This is consistent with the geometry: the radius to $(2,1,2)$ is the normal to the sphere there.这与几何一致：指向 $(2,1,2)$ 的半径就是球面在该处的法向量。

Worked Example 6.2: tangent plane and normal line to an ellipsoid例题 6.2：椭球面的切平面与法线

Find the tangent plane and the normal line to the ellipsoid $\dfrac{x^2}{4} + y^2 + \dfrac{z^2}{9} = 3$ at $(2, 1, 3)$.求椭球面 $\dfrac{x^2}{4} + y^2 + \dfrac{z^2}{9} = 3$ 在 $(2, 1, 3)$ 处的切平面与法线。

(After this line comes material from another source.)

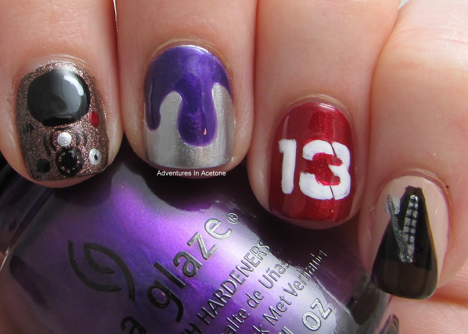 I chose to do 4 different items from the show on each of my fingers. Index: Farnsworth– the “facetime” type cell phone the agents use to communicate with eachother, Middle: dripping purple neutralizer– this is the solution that the active artifacts need to be dipped in to stop the havoc they are causing, Ring: the 13 in the Warehouse 13 logo, Pinky: Johann Maelzel’s Metronome–one of the more important artifacts in the series (it can bring someone dead back to life, the ticking back and forth keeps the person’s heart beating and alive).

Let $F = \tfrac{x^2}{4} + y^2 + \tfrac{z^2}{9}$. Then $\nabla F = \langle \tfrac{x}{2},\ 2y,\ \tfrac{2z}{9}\rangle$. At $(2,1,3)$: $\nabla F = \langle 1,\ 2,\ \tfrac{2}{3}\rangle$. The tangent plane is设 $F = \tfrac{x^2}{4} + y^2 + \tfrac{z^2}{9}$。则 $\nabla F = \langle \tfrac{x}{2},\ 2y,\ \tfrac{2z}{9}\rangle$。在 $(2,1,3)$ 处：$\nabla F = \langle 1,\ 2,\ \tfrac{2}{3}\rangle$。切平面为

$$ 1(x-2) + 2(y-1) + \tfrac{2}{3}(z-3) = 0 \quad\Longrightarrow\quad x + 2y + \tfrac{2}{3}z = 6, $$

or, clearing the fraction, $3x + 6y + 2z = 18$. The normal line uses the same direction $\langle 1, 2, \tfrac23\rangle$ (or its scalar multiple $\langle 3, 6, 2\rangle$):或者去分母得 $3x + 6y + 2z = 18$。法线沿同一方向 $\langle 1, 2, \tfrac23\rangle$（或其标量倍 $\langle 3, 6, 2\rangle$）：

$$ (x,y,z) = (2,1,3) + t\langle 3, 6, 2\rangle. $$

A quick verification: the point $(2,1,3)$ satisfies $3(2)+6(1)+2(3) = 6+6+6 = 18$, so it lies on the plane, as it must.快速验证：点 $(2,1,3)$ 满足 $3(2)+6(1)+2(3) = 6+6+6 = 18$，故它在该平面上，正如理应如此。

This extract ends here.